我把这些文件收好。这是我送给林家的,第一份“礼物”。当晚,林正雄亲自登门了。
他比三年前,老了很多。两鬓斑白,眼神里带着一丝疲惫。但那股久居上位的傲慢,
依然没有变。他没有带任何人,独自一人,走进了我的餐厅。「陈默,我们谈谈。」
他开门见山。「我跟你,没什么好谈的。

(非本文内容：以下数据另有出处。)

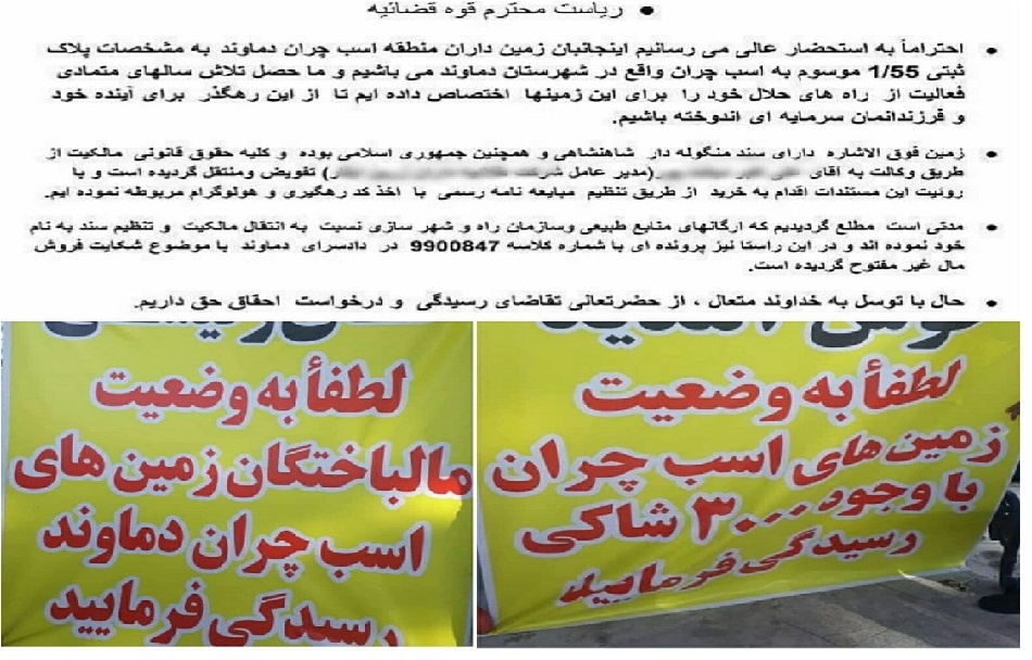 درخواست مالباختگان اراضی اسب چران دماوند از مسئولان قضایی؛ به وضعیت مالباختگان اراضی اسب چران با ۳۰۰۰ شاکی رسیدگی شود.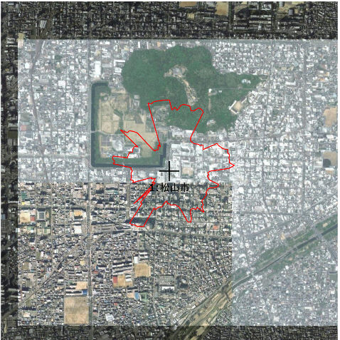 松山市で建物確認(大きい建物のみの検出となっています)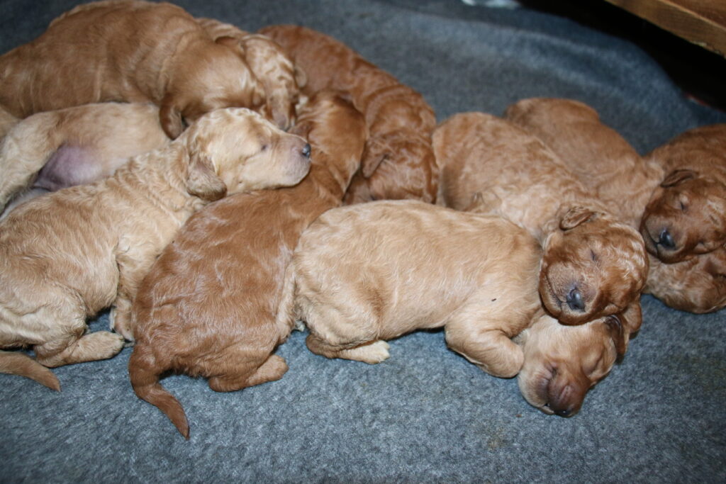 Vores mellem Goldendoodle F1 Coco har fået hvalpe med vores lille Cavapoo F1 Soul.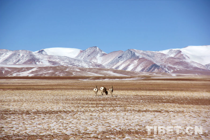 中国西藏网讯 在广阔的藏北地区,孕育着壮美的羌塘大草原。这里有数不尽的神山圣湖和浩瀚的草原。雪后的羌塘草原尽显静谧底色,奔跑的野生动物赋予其灵动华彩。(中国西藏网 记者/赵二召)图为雪后的羌塘草原 摄影:赵二召

」我正在擦拭我的厨刀,头也没抬。
「我知道你恨我们林家。」林正雄在我对面坐下,自己倒了一杯茶,「当年的事,
是子航不对,是我教子无方。我替他,向你道歉。」他嘴上说着道歉,但身体,却坐得笔直,
没有一丝歉意。在他看来,这只是一场交易。「开个价吧。」他说,「要多少钱,
你才肯放过林家?一千万?五千万?一个亿?」我终于停下了手中的动作。我抬起头,
看着他,笑了。「林总,你觉得,我现在的样子,像是缺钱吗?」林正雄的瞳孔,微微一缩。
「张九龄虽然厉害,但他不可能保你一辈子。」他沉声说,「年轻人,不要太气盛。
见好就收,才是聪明人。」「我不是年轻人了。」我将厨刀,重重地插在案板上,
刀身兀自嗡嗡作响,「我这三年的每一天,都是在地狱里过的。而你们,却心安理得地,
享受着我的一切。」我站起身,走到他面前。「钱?我不稀罕。」「我要的,是你林家,
从云端,跌落到泥潭里。」「我要你,尝一尝我当年所受的,百倍、千倍的痛苦!」
林正雄的脸色,终于变了。他猛地站起来,指着我。「你敢!」「你看我敢不敢。」
我迎着他的目光,毫不退缩。我从抽屉里,拿出白天那些检查组留下的文件,扔在他面前。